--- START ---

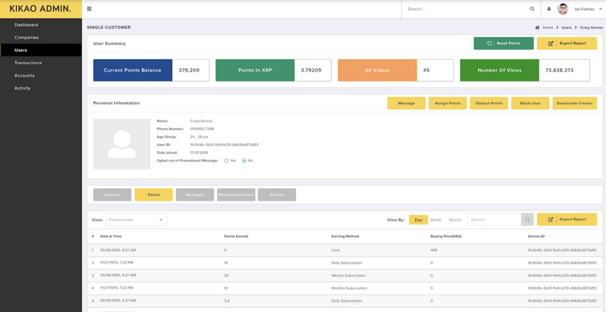 - Points are deducted, commission applied and the user receives the balance in XRP to the digital wallet they registered with us.
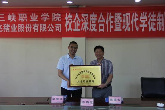 随后,四川天兆猪业股份有限公司人力资源部总监李明洪和学院副院长杨建宏分别代表公司和学院在校企合作协议上签字并进行授牌仪式,宣告校企双方合作办学进入践行阶段。协议约定,2018年在畜牧兽医专业开办现代学徒制试点“天兆”班,每班约30人。学院在企业建立实习实训基地,企业在学校建立“天兆养猪学院”人才培养基地。
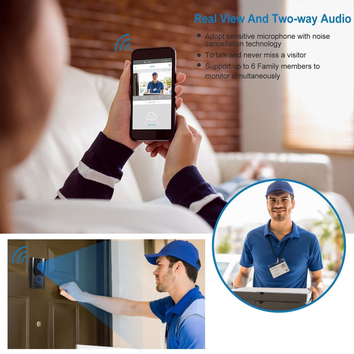 Upgrade your home security with this WiFi-enabled video doorbell, designed to let you see, hear, and speak to visitors anytime, anywhere. With a built-in 720P HD camera, it delivers clear video and smart features to keep your home safe and connected.
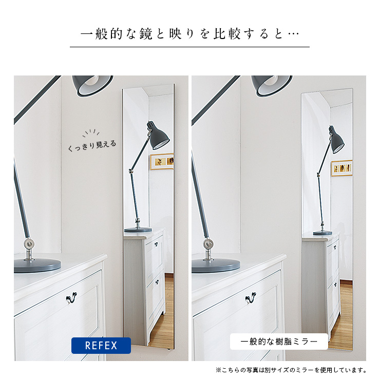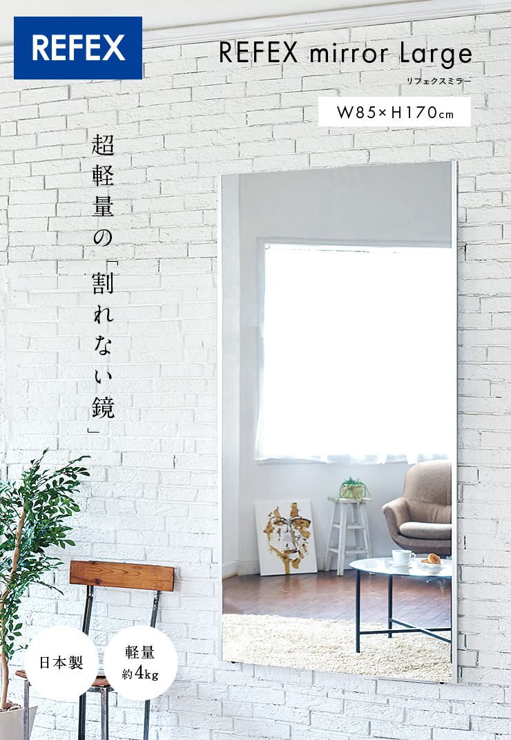 | 超軽量の「割れない鏡」 REFEX mirror Large W85×H170 (リフェクスミラー) ガラスを使っていないミラーだから、安心・安全 極薄のポリエステルフィルムを採用した割れない鏡、リフェクスミラー。一般的なガラス鏡と比べ、とっても軽量で女性の方やお子さまでもラクに持ち運ぶことが出来ます。倒れたり、物がぶつかっても割れることがないので安全。身だしなみチェックとしてのご使用はもちろん、ダンスの練習やヨガのフォームチェックの際にもお使いいただける、日本製の軽量ミラーです。 危険が潜む鏡からは卒業しませんか? 一般的なガラスを使用した通常の姿見は、不意に倒れて割れたり、物がぶつかって割れたり、と危険がいっぱい。さらに、ガラスの破片の散らばりによるケガを引き起こしてしまう恐れも...小さなお子さまがいらっしゃるご家庭では、特に心配ですよね。 ■『そんな時、リフェクスミラーなら』 ガラスではなく、極薄のポリエステルフィルムを使用しているので、倒れても安心。ボールが当たったり、お子さまがぶつかっても割れる恐れがありません。 ※フィルムですので、鋭利な物で突き刺すと破れることがあります。 ■リフェクスミラーとは? ・ガラス鏡の約5分の1の軽さ ・割れないので安心・安全 ・ガラス鏡より鮮明かつ自然 ■シンプルなシルバーの枠 枠はシルバーの15mmタイプ。シンプルで、目立ちにくいカラーの枠です。 ■安心の日本製 リフェクスミラーは、安心の日本製。国内の工場で熟練した職人が、1枚1枚丁寧に手作業で仕上げています。 ■リフェクスミラーの使い方 とっても軽量のリフェクスミラーは、付属のチェーンで簡単に壁に吊り下げることが出来ます。表からチェーンが見えないので、見た目もスマート。また、ゴム脚付きなので壁に立てかけて使ってもOK。市販のフックが取り付けられる壁であれば設置が可能です。 ※ご注意ください ・リフェクスミラーは中空張りのパネルなので、鋭利な物で突き刺すと破れることがあります。 ・直射日光のあたるところ、湿気の多いところでの使用、保管は避けてください。 ・運搬時は鏡面を傷つけないようご注意ください。 ・保管時は平積みを避け、立てかけて保管してください。 ・空調機の風が至近距離で当たる場所での使用、保管は避けてください。 ・軽い汚れは、付属の専用クリーナークロスでやさしく拭いてください。その他の布で拭くと、傷が付く恐れがあります。 ・汚れのひどい部分は、中性洗剤薄め液をご使用ください。 ・表面はポリエステルフィルムのため、溶剤の使用は厳禁です。また、研磨剤が混入しているクリーナーも傷の原因になりますので、ご使用はお控えください。 ※鏡底部の滑り止めのゴムが不要な場合は、プラスドライバーでゴムを止めているビスをゆるめて、ゴムを取り外してください。 | |

--- END ---

§ TASK STATEMENT: Your copy of the data should match it exactly, apart from the images, which are omitted.

§ YOUR SOLUTION:
 - Points are deducted, commission applied and the user receives the balance in XRP to the digital wallet they registered with us.
 随后,四川天兆猪业股份有限公司人力资源部总监李明洪和学院副院长杨建宏分别代表公司和学院在校企合作协议上签字并进行授牌仪式,宣告校企双方合作办学进入践行阶段。协议约定,2018年在畜牧兽医专业开办现代学徒制试点“天兆”班,每班约30人。学院在企业建立实习实训基地,企业在学校建立“天兆养猪学院”人才培养基地。
 Upgrade your home security with this WiFi-enabled video doorbell, designed to let you see, hear, and speak to visitors anytime, anywhere. With a built-in 720P HD camera, it delivers clear video and smart features to keep your home safe and connected.
 | 超軽量の「割れない鏡」 REFEX mirror Large W85×H170 (リフェクスミラー) ガラスを使っていないミラーだから、安心・安全 極薄のポリエステルフィルムを採用した割れない鏡、リフェクスミラー。一般的なガラス鏡と比べ、とっても軽量で女性の方やお子さまでもラクに持ち運ぶことが出来ます。倒れたり、物がぶつかっても割れることがないので安全。身だしなみチェックとしてのご使用はもちろん、ダンスの練習やヨガのフォームチェックの際にもお使いいただける、日本製の軽量ミラーです。 危険が潜む鏡からは卒業しませんか? 一般的なガラスを使用した通常の姿見は、不意に倒れて割れたり、物がぶつかって割れたり、と危険がいっぱい。さらに、ガラスの破片の散らばりによるケガを引き起こしてしまう恐れも...小さなお子さまがいらっしゃるご家庭では、特に心配ですよね。 ■『そんな時、リフェクスミラーなら』 ガラスではなく、極薄のポリエステルフィルムを使用しているので、倒れても安心。ボールが当たったり、お子さまがぶつかっても割れる恐れがありません。 ※フィルムですので、鋭利な物で突き刺すと破れることがあります。 ■リフェクスミラーとは? ・ガラス鏡の約5分の1の軽さ ・割れないので安心・安全 ・ガラス鏡より鮮明かつ自然 ■シンプルなシルバーの枠 枠はシルバーの15mmタイプ。シンプルで、目立ちにくいカラーの枠です。 ■安心の日本製 リフェクスミラーは、安心の日本製。国内の工場で熟練した職人が、1枚1枚丁寧に手作業で仕上げています。 ■リフェクスミラーの使い方 とっても軽量のリフェクスミラーは、付属のチェーンで簡単に壁に吊り下げることが出来ます。表からチェーンが見えないので、見た目もスマート。また、ゴム脚付きなので壁に立てかけて使ってもOK。市販のフックが取り付けられる壁であれば設置が可能です。 ※ご注意ください ・リフェクスミラーは中空張りのパネルなので、鋭利な物で突き刺すと破れることがあります。 ・直射日光のあたるところ、湿気の多いところでの使用、保管は避けてください。 ・運搬時は鏡面を傷つけないようご注意ください。 ・保管時は平積みを避け、立てかけて保管してください。 ・空調機の風が至近距離で当たる場所での使用、保管は避けてください。 ・軽い汚れは、付属の専用クリーナークロスでやさしく拭いてください。その他の布で拭くと、傷が付く恐れがあります。 ・汚れのひどい部分は、中性洗剤薄め液をご使用ください。 ・表面はポリエステルフィルムのため、溶剤の使用は厳禁です。また、研磨剤が混入しているクリーナーも傷の原因になりますので、ご使用はお控えください。 ※鏡底部の滑り止めのゴムが不要な場合は、プラスドライバーでゴムを止めているビスをゆるめて、ゴムを取り外してください。 | |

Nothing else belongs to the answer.